**WHAT IS EXPECTED:** The data must be given again exactly as written, with all images omitted.
***** AVAILABLE DATA
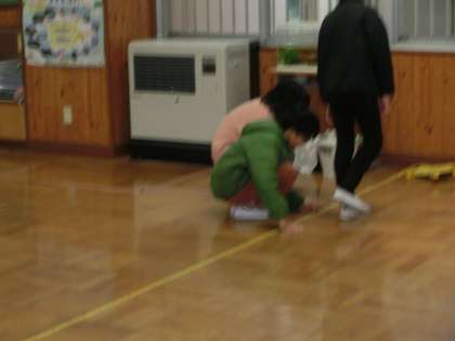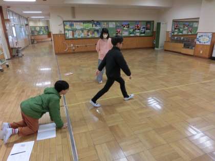 5年生の算数は、平均の求め方について学習をしています。今日は、廊下に巻き尺を伸ばして、巻き尺に沿って何度か歩き、自分の歩幅を計算する学習です。
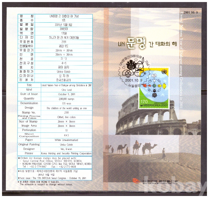 (안내카드) 2001.10.9 UN 문명간 대화의해 기념 (접지않음)
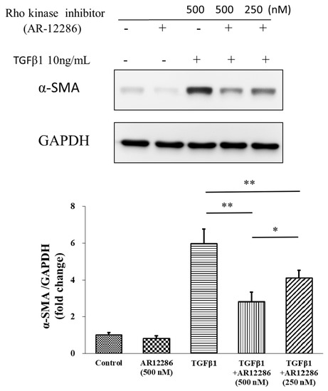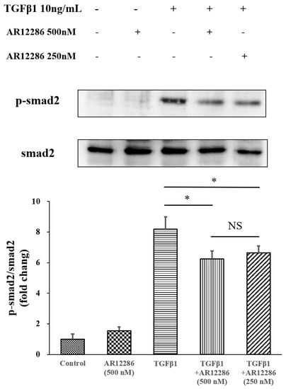 For Western blot analysis, cells were treated with 10 ng/mL TGF-β1 (Pepro Tech, New York, NY, USA) for 24 h in the absence and presence of AR12286 at 250 or 500 nM. The treated and untreated cells were washed with PBS, harvested by scraping, and centrifuged at 1000× g. Cell pellets were resuspended and sonicated in a cold lysis buffer (EDTA-free PROPREPTM Protein Extraction Solution; iNtRON Biotechnology, Inc., Seoul, Korea). Lysates were then centrifuged for 10 min at 12,000× g, and protein concentration in the clear supernatant was determined using the BCA protein assay kit (Pierce, Rockford, IL, USA). Lysates (20 μg) were resolved by 10% SDS-PAGE and transferred to PVDF membranes. Membranes were blocked with 5% (w/v) milk for 1 h at room temperature and incubated for 1 h at room temperature with 1:1000 dilutions of antibodies against GAPDH (Millipore, Rockland, NY, USA), α-SMA (Sigma-Aldrich), SMAD2, and phosphorylated SMAD2 antibodies (Cell Signaling Technology, Danvers, MA, USA). Membranes were washed and incubated with horseradish peroxidase-conjugated secondary antibodies (1:1000; Jackson ImmunoResearch Laboratories, West Grove, PA, USA) for 1 h at room temperature, and proteins were visualized using an enhanced chemiluminescence procedure (enhanced chemiluminescence reagent; Millipore, Billerica, MA, USA).
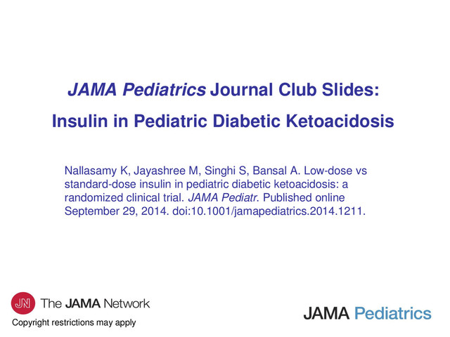 Characteristic Low-Dose Group (n = 25) Standard-Dose Group (n = 25) Age, mean (SD), y 7.3 (3.8) 6.5 (3.6) Male/female, No. 9/16 11/14 Children with malnutrition, No. (%) 7 (28) 8 (32) New-onset DKA, No. (%) 13 (52) 16 (64) BG, mean (SD), mg/dL 485.3 (133) 524.4 (103) pH, mean (SD) 7.08 (0.12) 7.05 (0.11) Bicarbonate, mean (SD), mEq/L 6.2 (2.6) 7.0 (3.1) Sodium, mean (SD), mEq/L 133.0 (7.0) 134.5 (10.0) Potassium, mean (SD), mEq/L 4.8 (0.8) 4.7 (0.7) Effective osmolality, mean (SD), mOsm/kg 292.0 (13.8) 298.2 (21.2)
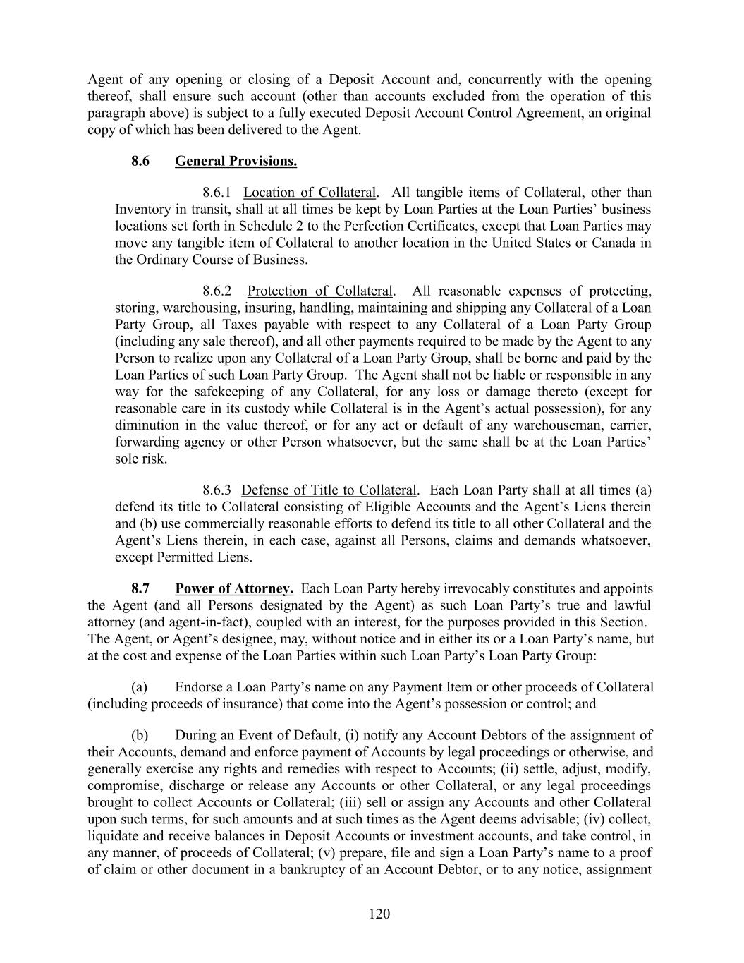 Agent of any opening or closing of a Deposit Account and, concurrently with the opening thereof, shall ensure such account (other than accounts excluded from the operation of this paragraph above) is subject to a fully executed Deposit Account Control Agreement, an original copy of which has been delivered to the Agent. 8.6 General Provisions. 8.6.1 Location of Collateral. All tangible items of Collateral, other than Inventory in transit, shall at all times be kept by Loan Parties at the Loan Parties’ business locations set forth in Schedule 2 to the Perfection Certificates, except that Loan Parties may move any tangible item of Collateral to another location in the United States or Canada in the Ordinary Course of Business. 8.6.2 Protection of Collateral. All reasonable expenses of protecting, storing, warehousing, insuring, handling, maintaining and shipping any Collateral of a Loan Party Group, all Taxes payable with respect to any Collateral of a Loan Party Group (including any sale thereof), and all other payments required to be made by the Agent to any Person to realize upon any Collateral of a Loan Party Group, shall be borne and paid by the Loan Parties of such Loan Party Group. The Agent shall not be liable or responsible in any way for the safekeeping of any Collateral, for any loss or damage thereto (except for reasonable care in its custody while Collateral is in the Agent’s actual possession), for any diminution in the value thereof, or for any act or default of any warehouseman, carrier, forwarding agency or other Person whatsoever, but the same shall be at the Loan Parties’ sole risk. 8.6.3 Defense of Title to Collateral. Each Loan Party shall at all times (a) defend its title to Collateral consisting of Eligible Accounts and the Agent’s Liens therein and (b) use commercially reasonable efforts to defend its title to all other Collateral and the Agent’s Liens therein, in each case, against all Persons, claims and demands whatsoever, except Permitted Liens. 8.7 Power of Attorney. Each Loan Party hereby irrevocably constitutes and appoints the Agent (and all Persons designated by the Agent) as such Loan Party’s true and lawful attorney (and agent-in-fact), coupled with an interest, for the purposes provided in this Section. The Agent, or Agent’s designee, may, without notice and in either its or a Loan Party’s name, but at the cost and expense of the Loan Parties within such Loan Party’s Loan Party Group: (a) Endorse a Loan Party’s name on any Payment Item or other proceeds of Collateral (including proceeds of insurance) that come into the Agent’s possession or control; and (b) During an Event of Default, (i) notify any Account Debtors of the assignment of their Accounts, demand and enforce payment of Accounts by legal proceedings or otherwise, and generally exercise any rights and remedies with respect to Accounts; (ii) settle, adjust, modify, compromise, discharge or release any Accounts or other Collateral, or any legal proceedings brought to collect Accounts or Collateral; (iii) sell or assign any Accounts and other Collateral upon such terms, for such amounts and at such times as the Agent deems advisable; (iv) collect, liquidate and receive balances in Deposit Accounts or investment accounts, and take control, in any manner, of proceeds of Collateral; (v) prepare, file and sign a Loan Party’s name to a proof of claim or other document in a bankruptcy of an Account Debtor, or to any notice, assignment 120
**********
**OUTPUT:**
 5年生の算数は、平均の求め方について学習をしています。今日は、廊下に巻き尺を伸ばして、巻き尺に沿って何度か歩き、自分の歩幅を計算する学習です。
 (안내카드) 2001.10.9 UN 문명간 대화의해 기념 (접지않음)
 For Western blot analysis, cells were treated with 10 ng/mL TGF-β1 (Pepro Tech, New York, NY, USA) for 24 h in the absence and presence of AR12286 at 250 or 500 nM. The treated and untreated cells were washed with PBS, harvested by scraping, and centrifuged at 1000× g. Cell pellets were resuspended and sonicated in a cold lysis buffer (EDTA-free PROPREPTM Protein Extraction Solution; iNtRON Biotechnology, Inc., Seoul, Korea). Lysates were then centrifuged for 10 min at 12,000× g, and protein concentration in the clear supernatant was determined using the BCA protein assay kit (Pierce, Rockford, IL, USA). Lysates (20 μg) were resolved by 10% SDS-PAGE and transferred to PVDF membranes. Membranes were blocked with 5% (w/v) milk for 1 h at room temperature and incubated for 1 h at room temperature with 1:1000 dilutions of antibodies against GAPDH (Millipore, Rockland, NY, USA), α-SMA (Sigma-Aldrich), SMAD2, and phosphorylated SMAD2 antibodies (Cell Signaling Technology, Danvers, MA, USA). Membranes were washed and incubated with horseradish peroxidase-conjugated secondary antibodies (1:1000; Jackson ImmunoResearch Laboratories, West Grove, PA, USA) for 1 h at room temperature, and proteins were visualized using an enhanced chemiluminescence procedure (enhanced chemiluminescence reagent; Millipore, Billerica, MA, USA).
 Characteristic Low-Dose Group (n = 25) Standard-Dose Group (n = 25) Age, mean (SD), y 7.3 (3.8) 6.5 (3.6) Male/female, No. 9/16 11/14 Children with malnutrition, No. (%) 7 (28) 8 (32) New-onset DKA, No. (%) 13 (52) 16 (64) BG, mean (SD), mg/dL 485.3 (133) 524.4 (103) pH, mean (SD) 7.08 (0.12) 7.05 (0.11) Bicarbonate, mean (SD), mEq/L 6.2 (2.6) 7.0 (3.1) Sodium, mean (SD), mEq/L 133.0 (7.0) 134.5 (10.0) Potassium, mean (SD), mEq/L 4.8 (0.8) 4.7 (0.7) Effective osmolality, mean (SD), mOsm/kg 292.0 (13.8) 298.2 (21.2)
 Agent of any opening or closing of a Deposit Account and, concurrently with the opening thereof, shall ensure such account (other than accounts excluded from the operation of this paragraph above) is subject to a fully executed Deposit Account Control Agreement, an original copy of which has been delivered to the Agent. 8.6 General Provisions. 8.6.1 Location of Collateral. All tangible items of Collateral, other than Inventory in transit, shall at all times be kept by Loan Parties at the Loan Parties’ business locations set forth in Schedule 2 to the Perfection Certificates, except that Loan Parties may move any tangible item of Collateral to another location in the United States or Canada in the Ordinary Course of Business. 8.6.2 Protection of Collateral. All reasonable expenses of protecting, storing, warehousing, insuring, handling, maintaining and shipping any Collateral of a Loan Party Group, all Taxes payable with respect to any Collateral of a Loan Party Group (including any sale thereof), and all other payments required to be made by the Agent to any Person to realize upon any Collateral of a Loan Party Group, shall be borne and paid by the Loan Parties of such Loan Party Group. The Agent shall not be liable or responsible in any way for the safekeeping of any Collateral, for any loss or damage thereto (except for reasonable care in its custody while Collateral is in the Agent’s actual possession), for any diminution in the value thereof, or for any act or default of any warehouseman, carrier, forwarding agency or other Person whatsoever, but the same shall be at the Loan Parties’ sole risk. 8.6.3 Defense of Title to Collateral. Each Loan Party shall at all times (a) defend its title to Collateral consisting of Eligible Accounts and the Agent’s Liens therein and (b) use commercially reasonable efforts to defend its title to all other Collateral and the Agent’s Liens therein, in each case, against all Persons, claims and demands whatsoever, except Permitted Liens. 8.7 Power of Attorney. Each Loan Party hereby irrevocably constitutes and appoints the Agent (and all Persons designated by the Agent) as such Loan Party’s true and lawful attorney (and agent-in-fact), coupled with an interest, for the purposes provided in this Section. The Agent, or Agent’s designee, may, without notice and in either its or a Loan Party’s name, but at the cost and expense of the Loan Parties within such Loan Party’s Loan Party Group: (a) Endorse a Loan Party’s name on any Payment Item or other proceeds of Collateral (including proceeds of insurance) that come into the Agent’s possession or control; and (b) During an Event of Default, (i) notify any Account Debtors of the assignment of their Accounts, demand and enforce payment of Accounts by legal proceedings or otherwise, and generally exercise any rights and remedies with respect to Accounts; (ii) settle, adjust, modify, compromise, discharge or release any Accounts or other Collateral, or any legal proceedings brought to collect Accounts or Collateral; (iii) sell or assign any Accounts and other Collateral upon such terms, for such amounts and at such times as the Agent deems advisable; (iv) collect, liquidate and receive balances in Deposit Accounts or investment accounts, and take control, in any manner, of proceeds of Collateral; (v) prepare, file and sign a Loan Party’s name to a proof of claim or other document in a bankruptcy of an Account Debtor, or to any notice, assignment 120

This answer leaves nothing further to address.